1940 meldete er sich freiwillig zum Dienst in der Kriegsmarine, zum 30. August erfolgte die Einberufung. Im März 1943 wurde er nach Abschluss eines Offizierslehrgangs und der Beförderung zum Oberfähnrich aus der Wehrmacht entlassen und zum Marinerichter im Dienstbereich des Marineoberstkriegsgerichtsrats für den Nordseebereich ernannt. Bei Kriegsende geriet er in Oslo in britische Gefangenschaft.

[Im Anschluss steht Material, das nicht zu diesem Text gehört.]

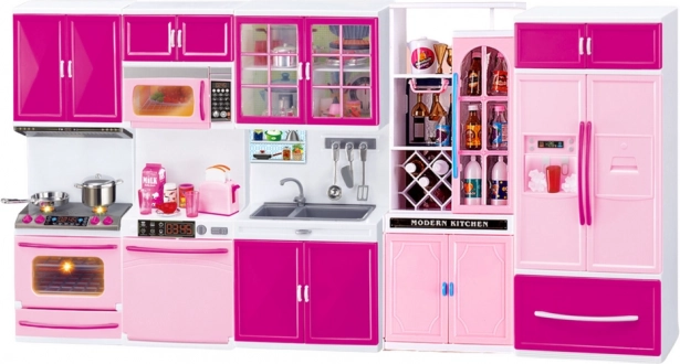 Das Puppen-Küchenmöbel-Set umfasst einen Kühlschrank, ein Spülbecken, eine Mikrowelle, eine Spülmaschine, einen Herd und Stauschränke. Jedes dieser Elemente wurde sorgfältig entworfen, um echte Küchenmöbel nachzubilden. Schränke und Geräte sind mit zu öffnenden Türen ausgestattet, sodass die beiliegenden Lebensmittel und Küchenaccessoires bequem eingelegt und herausgenommen werden können.

Da die Briten die deutsche Militärgerichtsbarkeit für deutsche Gefangene aufrechterhielten, übte er das Amt des Marinerichters bis Februar 1946 weiter aus.

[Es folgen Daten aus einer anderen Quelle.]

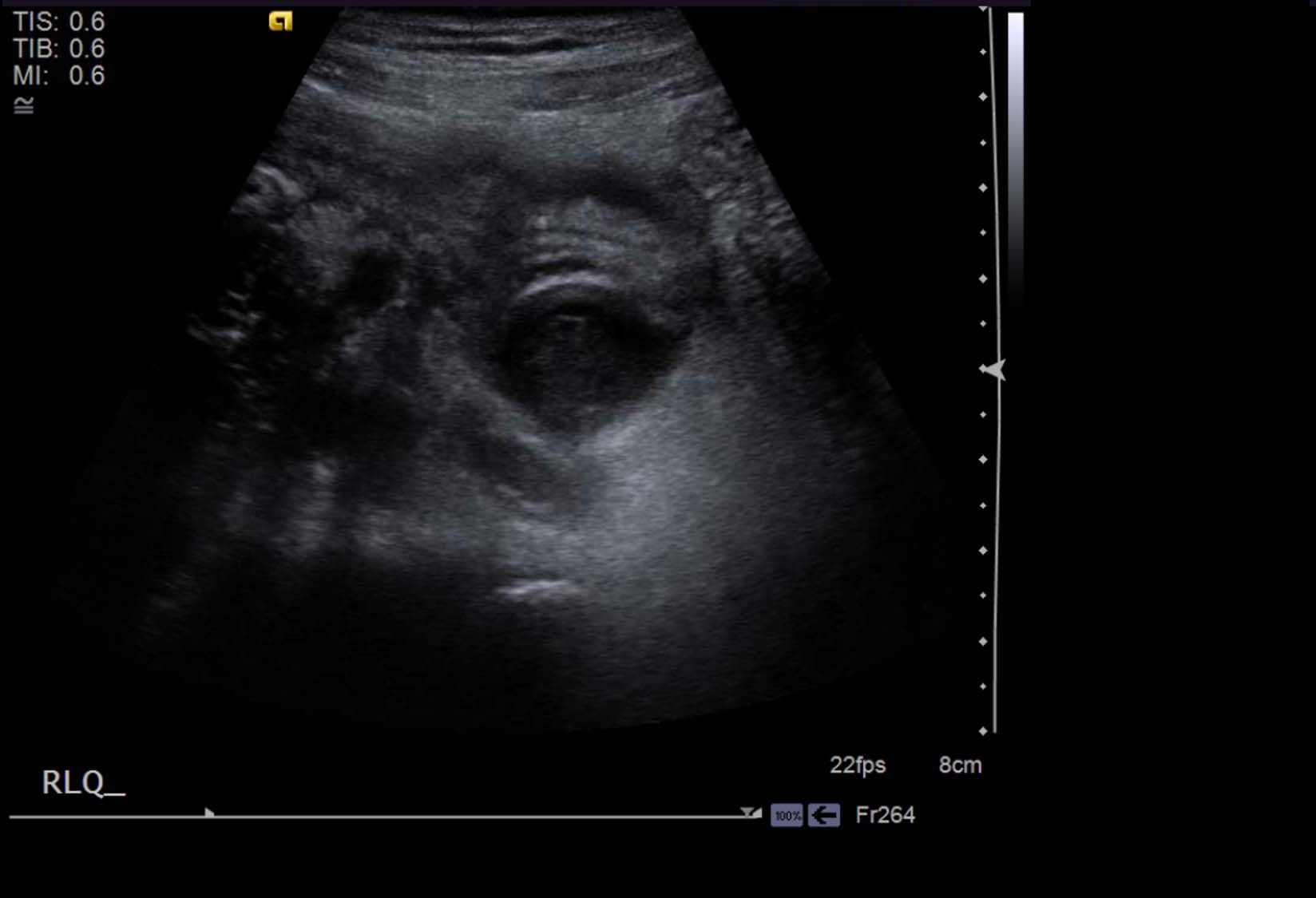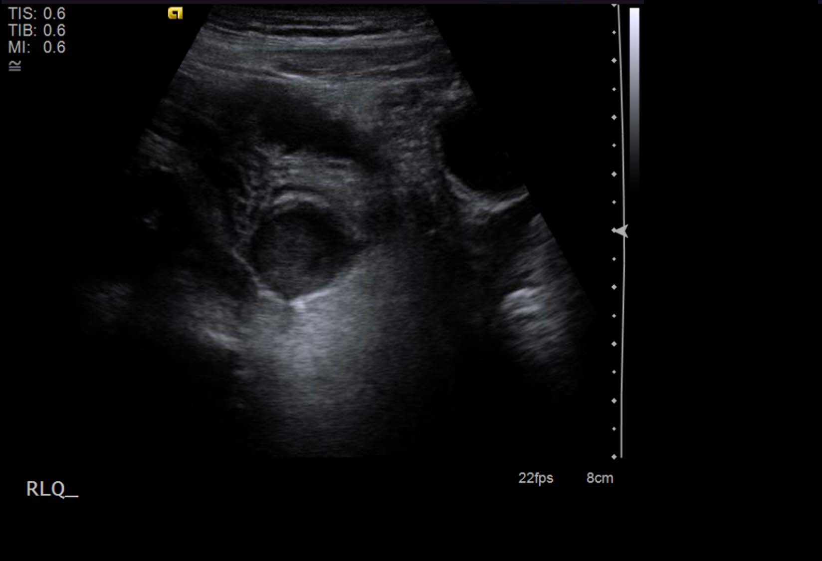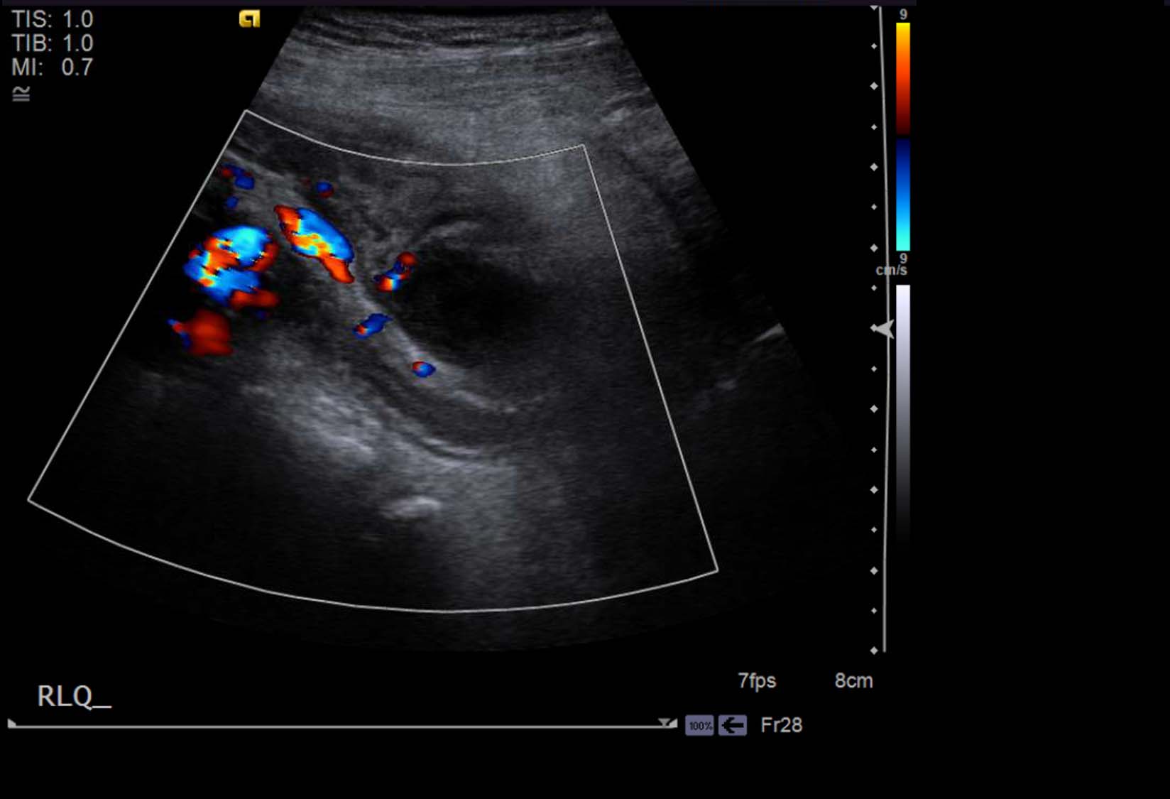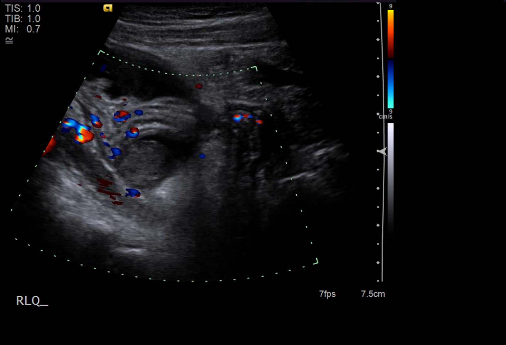 • Tubular, blind-ending structure in the right lower quadrant measuring 9 mm in diameter, which is noncompressible with mild wall thickening and mild mural hyperemia
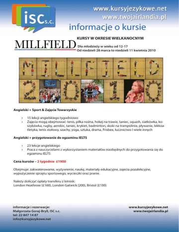 KURSY W OKRESIE WIELKANOCNYM Dla młodzieży w wieku od 12-17 Od niedzieli 28 marca to niedzieli 11 kwietnia 2010 Angielski + Sport & Zajęcia Towarzyskie • • 15 lekcji angielskiego tygodniowo Zajęcia mogą obejmować: tenis, piłka nożna, hokej na trawie, taniec, squash, siatkówka, koszykówka, rugby, aerobic, taniec, krykiet, badminton, skoki na trampolinie, pływanie, lekkoatletyka, tenis stołowy, szachy, yoga, sztuka, drama, Frisbee, łucznictwo I wiele innych Angielski + przygotowanie do egzaminu IELTS • • 23 lekcje angielskiego Praca z nauczycielami z wykorzystaniem materiałów niezbędnych do przygotowania się do egzaminu IELTS Cena kursów – 2 tygodnie £1900 Obejmuje: zakwaterowanie, wyżywienie, naukę, materiały edukacyjne, zajecia pozalekcyjne, wypożyczenie sprzętu sportowego, wycieczki oraz pranie. Należy doliczyć opłaty transferu z lotnisk: London Heathrow (£160), London Gatwick (200), Bristol (£100) informacje i rezerwacje: Małgorzata Goraj-Bryll, ISC s.c. tel: 22 847 14 87 [email protected] www.kursyjezykowe.net www.twojairlandia.pl

Von Freiburg nach Stuttgart
Nach seiner Entlassung aus britischer Kriegsgefangenschaft ließ sich Filbinger in Freiburg/Br. als Rechtsanwalt nieder und widmete sich auch weiterhin wissenschaftlichen Studien. Im Umfeld der „Freiburger Schule der Nationalökonomie“ beschäftigten ihn Fragen des Konzern- und Kartellrechts. 1947 wurde er zum Mitglied einer Sachverständigenkommission berufen, die im Auftrag des Länderrats der amerikanischen Besatzungs-behörde ein deutsches Kartellgesetz vorbereiten sollte. Der Kommission gehörten auch die bekannten Ökonomen Franz Böhm und Walter Eucken an.
1951 trat Filbinger in die CDU ein, amtierte von 1953 bis 1960 als Freiburger Stadtrat und wurde in der Nachfolge des Landesvorsitzenden der südbadischen CDU, Anton Dichtel, 1958 als ehrenamtlicher Staatsrat für Südbaden in die Landesregierung berufen. Seine Aufgabe war die Pflege der Beziehungen zwischen der schwäbischen Landeshauptstadt Stuttgart und den badischen Landesteilen. Bei der Wahl am 15. Mai 1960 wurde Filbinger als Direktkandidat für den Wahlkreis Freiburg in den Landtag gewählt. Mit der Berufung zum Innenminister unter Ministerpräsident Kurt Georg Kiesinger rückte er im Juni 1960 in die erste Reihe der CDU-Politiker Baden-Württembergs auf.
Filbingers Weg in politische Spitzenämter in den 1960er Jahren verlief eher im Schatten des großen Tagesgeschehens. Presseberichte aus dieser Zeit beschreiben seinen Politik-stil als „distanziert“ und „sachlich“. Lange Zeit eilte ihm der Ruf eines Verwaltungsfachmanns voraus.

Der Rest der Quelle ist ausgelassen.